AUGUSTA — The LePage administration unveiled its A-F grading system Wednesday, the latest education reform effort that has already drawn sharp criticism from union leaders and educators.

Statewide, 75 percent of both high schools and elementary schools got a C or lower. For elementary schools, only 12 percent got A’s, and 13 percent got B’s. For high schools, only 10 schools, or 8 percent, got A’s, and 20 schools, or 16 percent, got B’s.

At a press conference in Augusta at the Maine State Library, Gov. Paul LePage said the grades would make schools accountable.

“We grade all our children, and now all we’re doing is taking data that’s in the filing cabinets and putting it out so parents, teachers, administrators, anyone and everyone interested in the schools, in a school system in Maine, to see how they’re doing,” LePage said.

“I want the good schools to be rewarded, and those that aren’t doing as well, we want to be able to help them.”

“It’s for our kids,” he said. “We need to put our kids first … These kids are our future for our state, country and the world.”

As in most of the state, C was the common grade for schools in central Maine.

Only one school in the Augusta area, Whitefield Elementary in RSU 12, received an F. There were a handful of As, including Hussey Elementary in Augusta and Fayette Central School, which earned scores that placed them both in the top five elementary and middle schools statewide.

Also in central Maine, Augusta’s Cony High School got a C, Gardiner Area High School got a D, and Erskine Academy in China got a B.

Pat Hopkins, superintendent of Gardiner-based RSU 11, reacted to the grades, feeling the grades did not reflect work that has been done recently to improve performance.

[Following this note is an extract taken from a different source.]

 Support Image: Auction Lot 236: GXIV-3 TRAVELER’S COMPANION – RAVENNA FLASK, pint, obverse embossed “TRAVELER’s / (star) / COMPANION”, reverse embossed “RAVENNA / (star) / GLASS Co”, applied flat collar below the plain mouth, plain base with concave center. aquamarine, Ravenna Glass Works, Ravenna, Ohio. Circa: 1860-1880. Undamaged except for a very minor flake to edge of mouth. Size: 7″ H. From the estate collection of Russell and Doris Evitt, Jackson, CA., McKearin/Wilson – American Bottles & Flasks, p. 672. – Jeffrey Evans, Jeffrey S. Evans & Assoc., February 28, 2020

In March, Hopkins sent a letter to parents celebrating the gains that RSU 11 students have made on standardized tests in recent years, in some cases surpassing state average scores.

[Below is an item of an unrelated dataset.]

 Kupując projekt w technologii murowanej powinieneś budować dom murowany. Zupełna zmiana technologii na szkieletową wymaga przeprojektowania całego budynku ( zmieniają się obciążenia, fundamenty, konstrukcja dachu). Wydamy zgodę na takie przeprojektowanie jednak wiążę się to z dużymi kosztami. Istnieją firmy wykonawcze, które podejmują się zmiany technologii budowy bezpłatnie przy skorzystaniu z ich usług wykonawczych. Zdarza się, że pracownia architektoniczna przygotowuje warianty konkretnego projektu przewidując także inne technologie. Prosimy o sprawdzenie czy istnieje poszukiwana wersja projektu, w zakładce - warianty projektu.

On Wednesday she planned to send home another letter, this time explaining the district’s middling grades, which she said don’t reflect improvements made in the schools.

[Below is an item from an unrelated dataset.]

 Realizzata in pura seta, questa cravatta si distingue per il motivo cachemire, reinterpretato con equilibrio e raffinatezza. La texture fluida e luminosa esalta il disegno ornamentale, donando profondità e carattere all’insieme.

“I don’t think a simple grade accurately reflects the day-to-day work that’s going on in the classroom,” Hopkins said. “That work is just far more complicated than a single letter grade can provide.
Gardiner Area High School students performed well enough on tests to earn the school a C, but only 94.5 percent of students participated. Because state and federal authorities require 95 percent participation, the school was docked a grade and fell to a D.

An elementary school in the district, Pittston Consolidated School, fell 0.7 points short of a B.

Meanwhile, the two towns in Alternative Organizational Structure 97 had the highest-performing schools in central Maine. Fayette Central School, Winthrop Grade School and Winthrop Middle School all earned As. Winthrop High School received a B.

“It validates the work we’re doing in the schools,” Superintendent Gary Rosenthal said. “So we’re really thrilled.”

Rosenthal said the data show that schools in the district are promoting growth among all students, including the lowest achievers.

AOS 97 schools have below-average rates of low-income students in the area, but Rosenthal said he’s not deterministic about socioeconomic status and school performance.

“I don’t buy a lot of that philosophy,” he said. “I’ve done turnaround work in the past. It’s the expectations you set and the programs you implement that really drive what you’re doing for kids.”
Rosenthal said the grades will probably appear in promotional materials being created for Winthrop Schools.

Around the state, officials of schools that scored low said the revelation that their school was considered failing was devastating.

“I felt like I had been run over by a train,” said Marcia Gendron, principal at East End Elementary School in Portland, which got an F. “I actually thought ‘That can’t be, that’s a mistake.’

East End has been held up by state and federal officials as a huge success story in how to turn around a struggling school. Since Gendron took over two years ago, the school’s math and reading test scores have improved significantly and the school came off the state’s list of persistently low-performing schools.

The fact that it still got an F, Gendron said, illustrates why you can’t sum up the totality of a school and its students in a single letter grade. As a district, Portland’s elementary school grades ranged from A’s to F’s, and the two largest high schools, Deering and Portland high schools, both got a D.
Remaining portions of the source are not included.